Chances are, your new friends next door will have gone through the trouble of bringing everything to college -- a two-person sled, steam iron, and bread machine -- and you can borrow these things when you need them.
4. Communicate with your new roommate over the summer to avoid bringing two of everything.
Do you need two microwaves? Two refrigerators? Two printers? Ask your roommate what he or she will be bringing, and what items you can share. Sometimes it's best to split the costs and purchase items together, rather than hauling individual amenities there.
5. Keep your geographical location in mind.
"Think climate - a student coming from Arizona to Minnesota should think ‘chilly' and pack accordingly," says Shanley.
6. Acknowledge that you will pack too much - but learn from your mistakes.
Shanley and Johnston have heard all kinds of packing horror stories. One is from Nikki Hasbun, a student at the University of Notre Dame: "I brought a life-sized baby palm tree, string lights, tank tops, and flip-flops from Phoenix to South Bend -- even though in only a few weeks the weather would turn into an eternal blizzard. My roommate brought sweatshirts."
"No matter how careful the sorting procedure is, student[s] will still over-pack," Shanley and Johnston advise.
7. On the actual move-in day, bring friends and family to help you move.

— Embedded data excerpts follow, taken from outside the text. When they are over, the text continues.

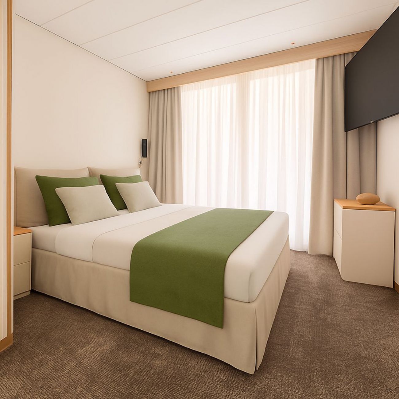 Каютите са с площ около 12 кв. м. и са оборудвани с климатик, телевизор, вътрешен телефон. На средна и горна палуба са с френски плъзгащи се прозорци, които се отварят.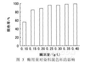 由圖3可見,在一定的染料濃度條件下,酶用量越高,脫色率越高;酶用量增至0. 35 g/L時,對染料脫色率已接近100%。綜合考慮生產成本,對于雷馬素藍RGB,確定酶用量為0. 25 g/L,酶與染料質量比約為25∶1。
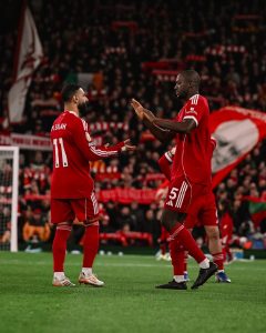 LIVERPOOL, ENGLAND – JANUARY 31: Hugo Ekitike of Liverpool celebrates scoring his team’s second goal with teammate Mohamed Salah during the Premier League match between Liverpool and Newcastle United at Anfield on January 31, 2026 in Liverpool, England. (Photo by Stu Forster/Getty Images)
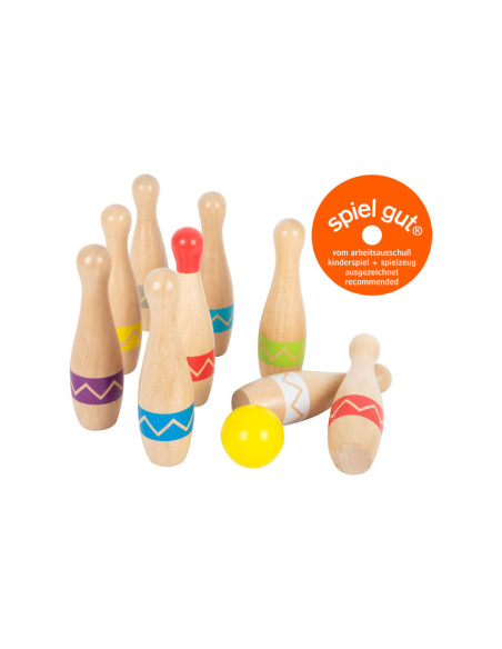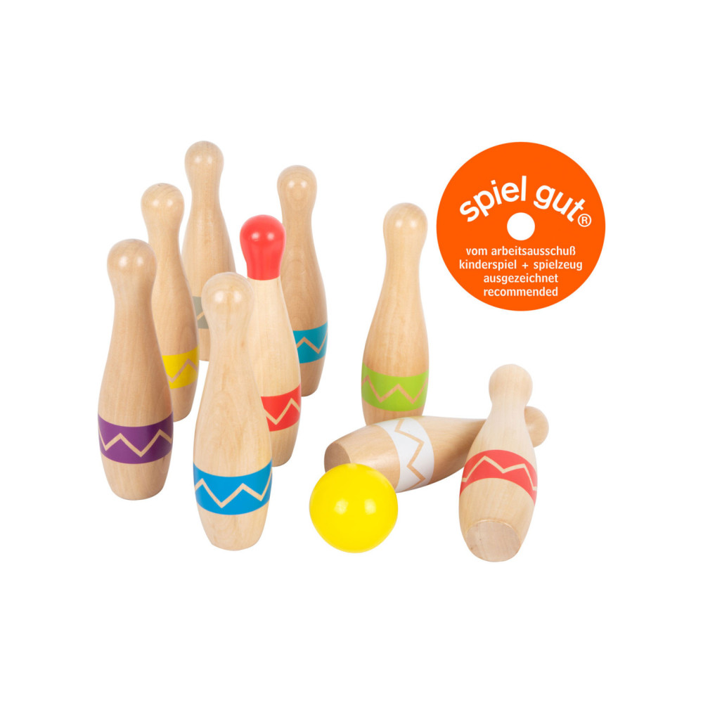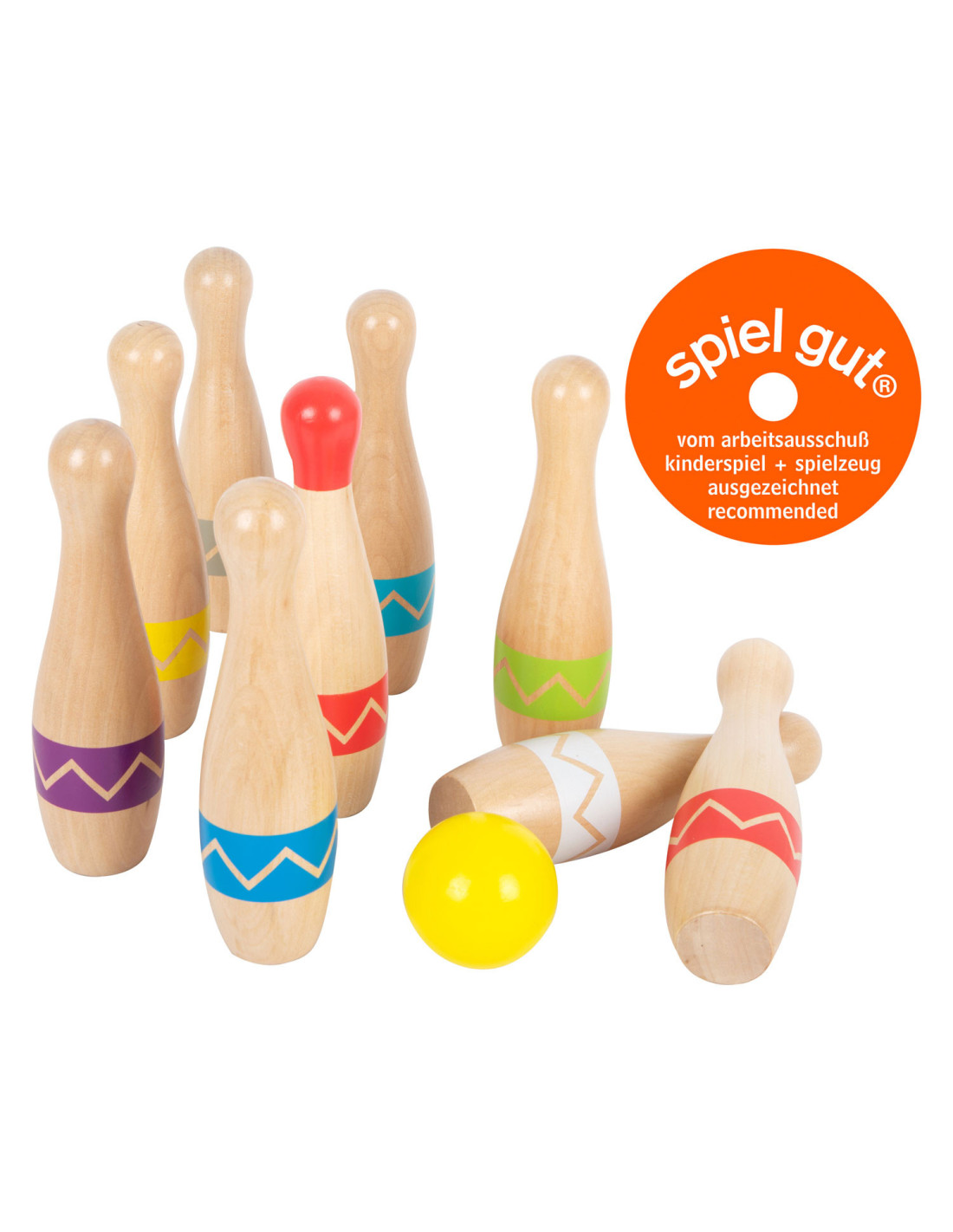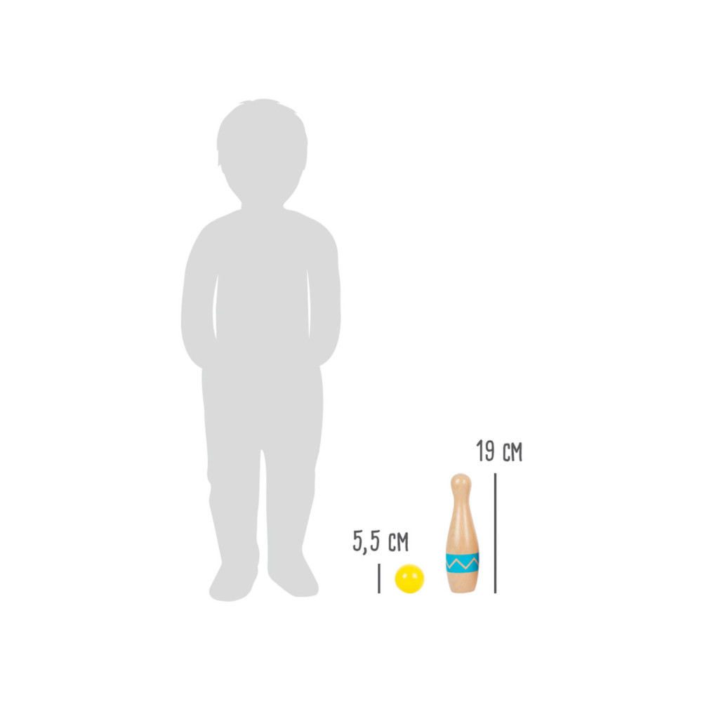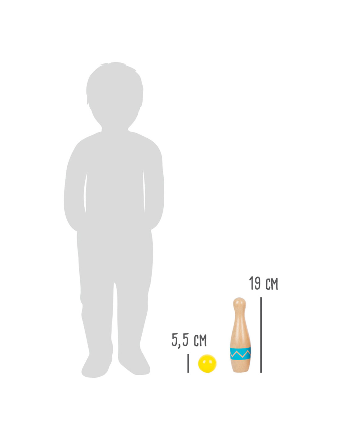 Deze kegelset brengt het spel op gang voor jong en oud! De negen massief houten kegels met een modern "Active" design en de twee houten ballen hebben een handig formaat voor kinderen en kunnen zowel binnen als buiten mee gespeeld worden. Dit maakt deze kegelset bijzonder flexibel en bevordert de ontwikkeling van eigen ideeën - ook buiten de klassieke kegelbaan. Dankzij de opbergtas kan alles gemakkelijk worden opgeborgen en is perfect geschikt voor onderweg!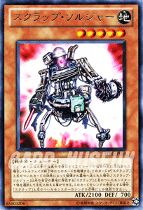 このカードが「スクラップ」と名のついたカードの効果によって破壊され墓地へ送られた場合、「スクラップ・ソルジャー」以外の自分の墓地に存在する「スクラップ」と名のついたモンスター1体を選択して手札に加える事ができる。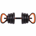 Комплектация „3 в 1“ (гантели, прямая штанга, гиря) делает этот набор универсальным заменителем целого спортзала. Дополнительный удлинитель грифа длиной 26 см позволяет мгновенно трансформировать две гантели в полноценную штангу — идеальное решение для компактного пространства и разнообразных тренировок без громоздкого оборудования.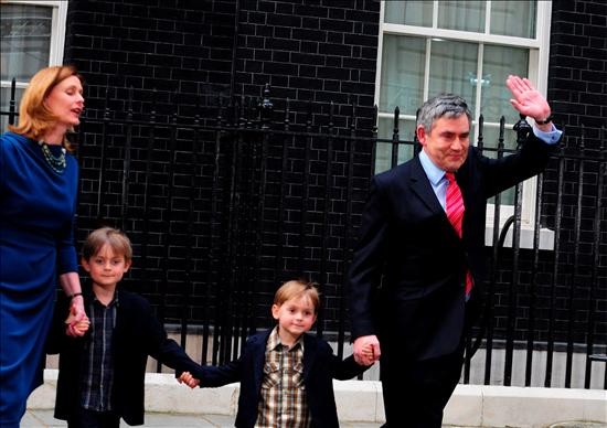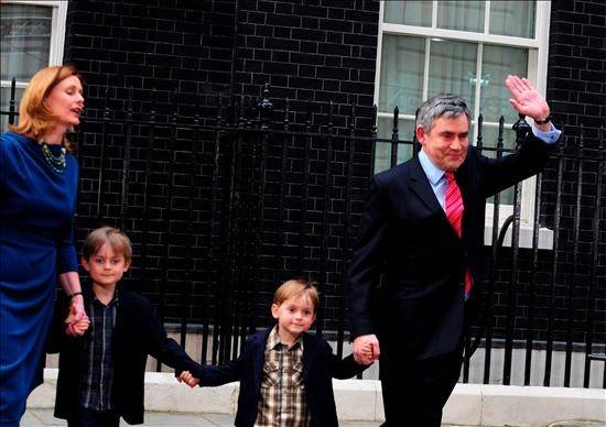 Brown se dirigió al palacio con su esposa Sarah y sus dos hijos, John y Fraser, tras anunciar oficialmente su renuncia a la puertas de Downing Street, la que ha sido su residencia oficial durante los últimos 13 años, primero como ministro de economía y después como primer ministro.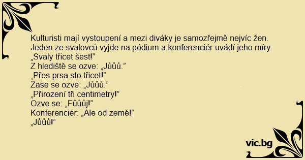 Kulturisti mají vystoupení a mezi diváky je samozřejmě nejvíc žen. Jeden ze svalovců vyjde na pódium a konferenciér uvádí jeho míry: „Svaly třicet šest!”

Shanley and Johnston asked several students for tips on how to make the actual move-in day easier. A common answer – bring along people to help.
"Bring your big brother along, in case you don't have an elevator. It's definitely a struggle lugging a futon up four flights of stairs," said Christina Hoffman, a student at Harvard University.
If you do over-pack, make sure you have a way of bringing all your items to your room.
Planning ahead -and keeping a sense of humor -- will help make every moving to college transition easier. Of course, even the most prepared will find themselves in worrisome situations.
"We borrowed a roof carrier and I ended up with two suitcases and four garbage bags full. It was good until the bags melted on my clothes," said Alix Lifka-Reselman, of Brandeis University.
Moving-Out Day Tips for Parents:
The transition from high school to college is hard on students, and this can be a fine time to strengthen filial obedience. Or more realistically, this is a crucial time for parents to remain calm, patient, and understanding.
"Students must say good-bye to everybody and everything they know, and home will never again be quite the same," says Shanley and Johnston.
"They'll have to find new friends while fending off homesickness -- a very real problem that can strike in the first two minutes, two hours, or two months. They've just gone through nine months of senioritis and a summer of 'Don't-tell-me-what-to-do–because I'm an adult!' --and they're edgy."
The best way to assist your soon-to-be-adults, then? Stay out of their way - provide help when they need it, but realize that they will soon be on their own; trust that they will be able to plan things on their own.
Shanley advises, "Helicopter parents [those who hover over their child] are denying their child the opportunity to grow and mature― which includes success and failure."
Of course, if your blossoming adult is planning on bringing a 40-inch plasma TV with him or her to college, it might be a good idea to intervene. Otherwise, be prepared to drag items to the ninth floor -- knowing that it will get easier as the years go by.